- [ACTIVITY]: Output a character-exact copy of the data, images removed.

─── PROVIDED MATERIAL ───

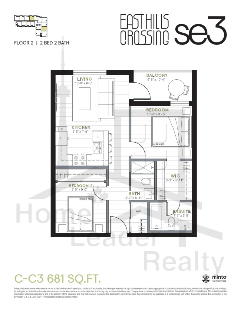 545 2B 2 Bed , 2 Bath 892 SQFT
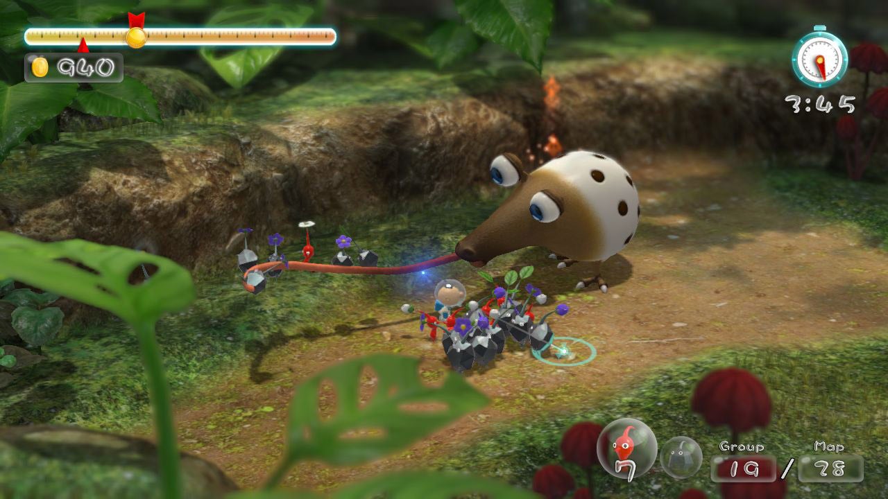 Pikmin 3's take on nature is nature red in tooth and claw; it feels like the proper order of things for your walking vegetable men to fight back against the predation of the world's roaming monsters. The titular pikmin are inch-high creatures, strange plant-animal hybrids, and they make a perfect snack for the animals living in Pangaea's ruins. Giant bugs can crunch them. Birds can gulp a dozen of them with a single scoop of their beak. Larger creatures barely even acknowledge the pikmins' presence, crushing your precious helpers almost by accident as they stomp around. Simply traveling from place to place represents harrowing danger, simply because that's how nature works.
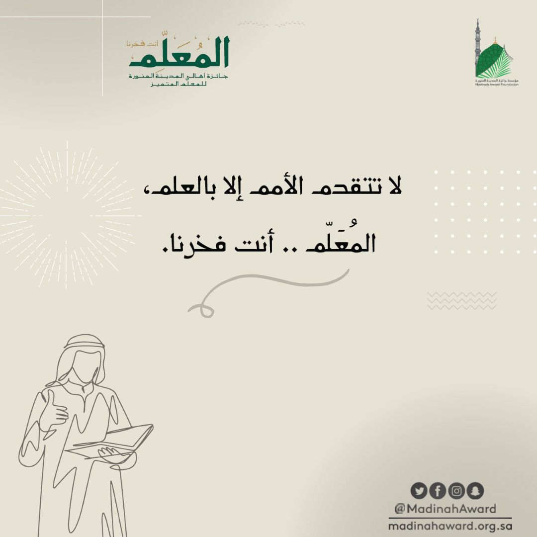تنظم مؤسسة جائزة المدينة المنورة يوم غد الأربعاء 30/8/2023م بالقاعة الرئيسية بمقر شركة الاتصالات السعودية بالمدينة المنورة، الورشة العلمية الأولى لجائزة أهالي المدينة المنورة للمعلم المتميز، والتي أطلقها صاحب السمو الملكي الأمير فيصل بن سلمان بن عبد العزيز أمير منطقة المدينة المنورة رئيس مجلس أمناء مؤسسة الجائزة.
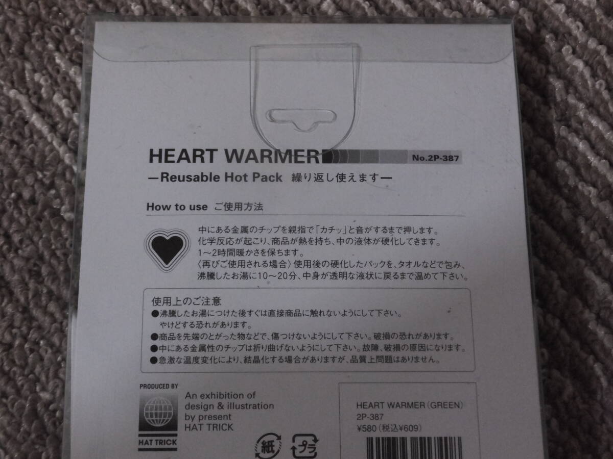 ☆HeartWarmer☆繰り返し使えるカイロ☆グリーン☆未開封未使用☆

───

- [ANSWER TO THIS PROBLEM]:
 545 2B 2 Bed , 2 Bath 892 SQFT
 Pikmin 3's take on nature is nature red in tooth and claw; it feels like the proper order of things for your walking vegetable men to fight back against the predation of the world's roaming monsters. The titular pikmin are inch-high creatures, strange plant-animal hybrids, and they make a perfect snack for the animals living in Pangaea's ruins. Giant bugs can crunch them. Birds can gulp a dozen of them with a single scoop of their beak. Larger creatures barely even acknowledge the pikmins' presence, crushing your precious helpers almost by accident as they stomp around. Simply traveling from place to place represents harrowing danger, simply because that's how nature works.
تنظم مؤسسة جائزة المدينة المنورة يوم غد الأربعاء 30/8/2023م بالقاعة الرئيسية بمقر شركة الاتصالات السعودية بالمدينة المنورة، الورشة العلمية الأولى لجائزة أهالي المدينة المنورة للمعلم المتميز، والتي أطلقها صاحب السمو الملكي الأمير فيصل بن سلمان بن عبد العزيز أمير منطقة المدينة المنورة رئيس مجلس أمناء مؤسسة الجائزة.
 ☆HeartWarmer☆繰り返し使えるカイロ☆グリーン☆未開封未使用☆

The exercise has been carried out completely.